- _Data records_
* * * * *

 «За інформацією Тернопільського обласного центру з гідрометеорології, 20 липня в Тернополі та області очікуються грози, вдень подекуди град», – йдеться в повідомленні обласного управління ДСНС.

* * * * *

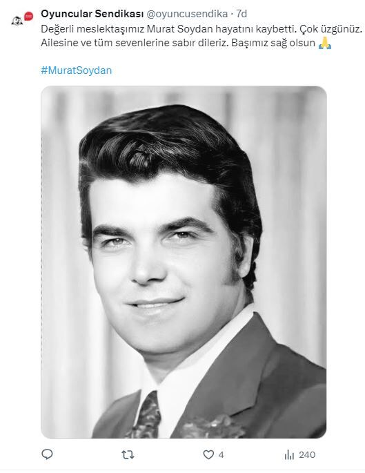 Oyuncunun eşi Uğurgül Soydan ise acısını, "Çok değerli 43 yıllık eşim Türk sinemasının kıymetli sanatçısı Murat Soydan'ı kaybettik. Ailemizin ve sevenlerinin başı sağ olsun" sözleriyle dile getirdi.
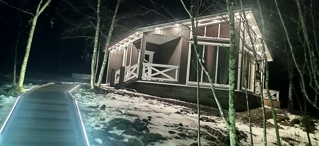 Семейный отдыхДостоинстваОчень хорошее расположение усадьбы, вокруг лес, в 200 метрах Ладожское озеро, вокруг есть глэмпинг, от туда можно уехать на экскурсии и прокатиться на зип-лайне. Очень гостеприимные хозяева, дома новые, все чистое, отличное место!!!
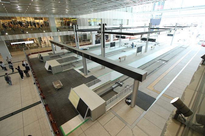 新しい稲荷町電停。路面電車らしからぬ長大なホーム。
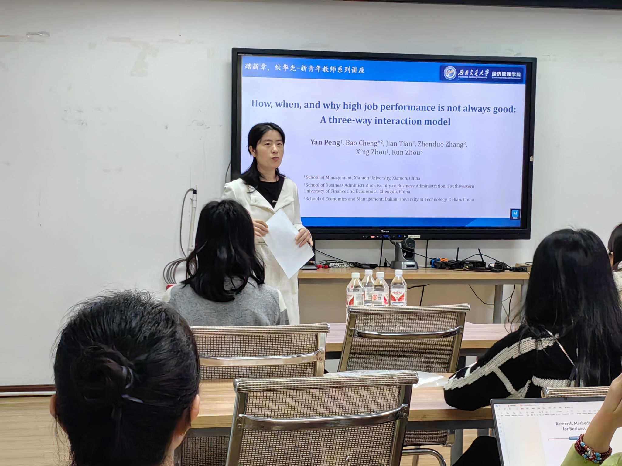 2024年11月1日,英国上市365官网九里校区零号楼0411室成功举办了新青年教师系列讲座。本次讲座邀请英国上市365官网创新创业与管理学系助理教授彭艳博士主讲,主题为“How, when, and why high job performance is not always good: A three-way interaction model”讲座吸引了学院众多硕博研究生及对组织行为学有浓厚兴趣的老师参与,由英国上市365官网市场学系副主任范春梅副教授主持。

* * * * *

- _Exercise description_
Reproduce exactly, with no pictures, the lines above from the one holding "新しい稲荷町電停。路面電車らしからぬ長大なホーム。" to the one holding "when, and why", inclusive.

- _Task result_
 新しい稲荷町電停。路面電車らしからぬ長大なホーム。
 2024年11月1日,英国上市365官网九里校区零号楼0411室成功举办了新青年教师系列讲座。本次讲座邀请英国上市365官网创新创业与管理学系助理教授彭艳博士主讲,主题为“How, when, and why high job performance is not always good: A three-way interaction model”讲座吸引了学院众多硕博研究生及对组织行为学有浓厚兴趣的老师参与,由英国上市365官网市场学系副主任范春梅副教授主持。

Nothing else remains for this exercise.